1. The copper-clad plate capable of being bent statically is characterized by comprising a copper foil and a thermosetting resin composition impregnation base cloth adhered on the copper foil, wherein the copper-clad plate has the elastic bending modulus of more than 10GPa, the peel strength between 60 and 200 ℃ of more than 1.0N/mm, and after the copper foil is removed, the copper-clad plate has the maximum stress value of more than 400Mpa and the fracture strain value of more than 4 percent,

wherein the thermosetting resin composition comprises: a thermosetting resin; a curing agent; a toughening material; and a solvent, wherein the thermosetting resin is 100 parts by weight, the curing agent is 1-50 parts by weight, the toughening material is 20-60 parts by weight, and the solvent is 5-50 parts by weight,

wherein the thermosetting resin comprises an epoxy resin;

wherein the curing agent comprises at least one of phenolic resin, amine compound, acid anhydride, imidazole compound, sulfonium salt and active ester;

wherein the toughening material comprises the combination of nanoparticles and at least one of rubber, phenoxy resin, polyvinyl butyral, nylon and olefinic block copolymer with a core-shell structure;

wherein the nanoparticles are used in combination with at least one of rubber, phenoxy resin, polyvinyl butyral, nylon, olefinic block copolymers in a weight ratio of 1:10 to 2: 1.

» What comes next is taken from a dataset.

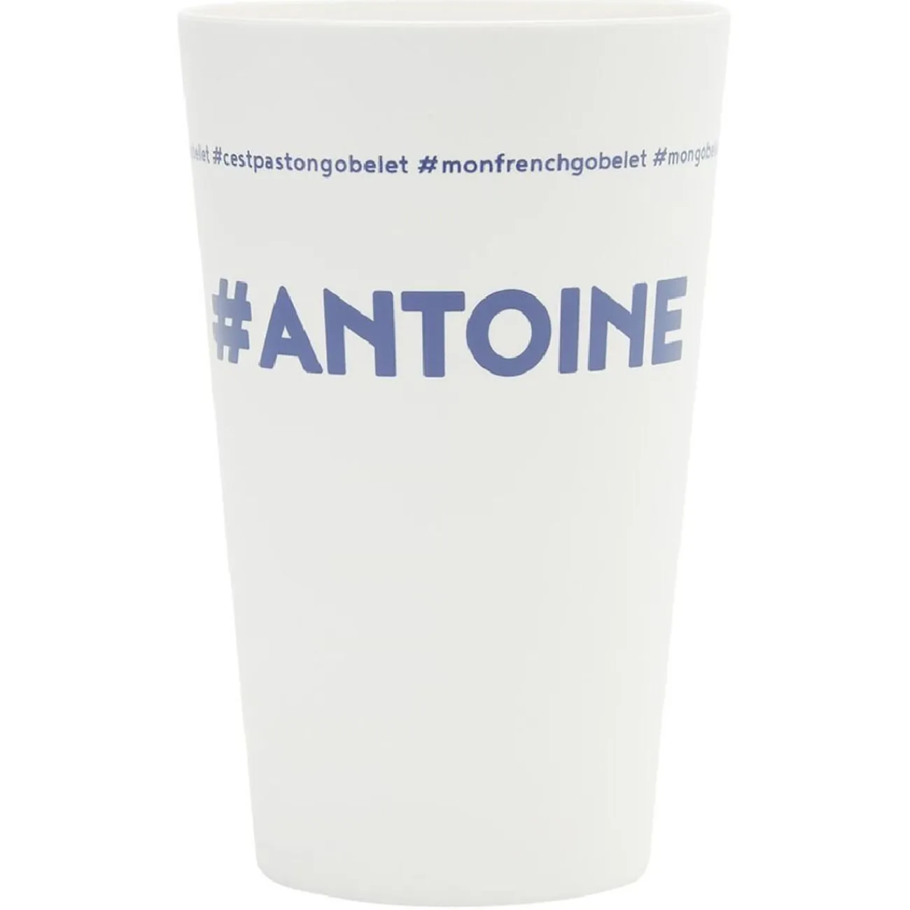 Gobelet réutilisable en plastique blanc avec inscription bleue #ANTOINE.

2. The copper-clad plate according to claim 1, wherein the epoxy resin is a multifunctional epoxy resin.

3. The copper-clad plate of claim 1, wherein the nanoparticles comprise SiO ₂ ，TiO ₂ Or CaCO ₃ Nanoparticles.

4. The copper-clad plate according to claim 1, wherein the olefinic block copolymer comprises a block copolymer of polymethacrylic acid, butadiene and styrene.

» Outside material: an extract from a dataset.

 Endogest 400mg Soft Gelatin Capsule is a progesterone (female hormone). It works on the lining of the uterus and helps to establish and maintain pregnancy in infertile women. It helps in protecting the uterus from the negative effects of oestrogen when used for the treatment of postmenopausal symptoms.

5. The copper-clad plate according to claim 1, wherein the solvent comprises at least one of dimethylformamide, ethylene glycol methyl ether, propylene glycol methyl ether acetate, cyclohexanone, methyl ethyl ketone, toluene, and xylene.

6. The copper-clad plate of claim 1, wherein the base fabric comprises a glass fiber cloth or a non-woven fabric.

7. A method for manufacturing the copper-clad plate according to any one of claims 1 to 6, wherein the method comprises the following steps:

and (3) attaching the prepreg to a copper foil, and performing hot-pressing curing at the temperature of 180-200 ℃ for 30-120 minutes to form the copper-clad plate.

8. A copper-clad plate bending forming method is characterized by comprising the following steps: the copper-clad plate of any one of claims 1 to 6 is placed into a die for punch forming, and the die is designed for forming a bending structure with a bending angle of 10-90 degrees and a bending radius of 1-25 mm.

9. The method according to claim 8, wherein the copper-clad plate is heated to a temperature of 60-200 ℃ before being placed in a mold.

10. The method of claim 9, wherein the stamping forming conditions comprise:

1) stamping pressure: 100 to 20000N;

2) press molding maintenance time: 2sec or more;

3) temperature of the die: normal temperature, or heating to below 100 deg.C.

11. The method according to claim 8, wherein the forming temperature of the punch forming is the glass transition temperature of the thermosetting resin composition in the copper-clad plate +/-50 ℃, and the setting time is not less than 2 sec.

12. The copper-clad plate with the bending structure is characterized in that the copper-clad plate with the bending structure is manufactured by one-time or several-time molding by adopting the method of any one of claims 9 to 11, the bending angle is 10-90 degrees, and the bending radius is 1-25 mm.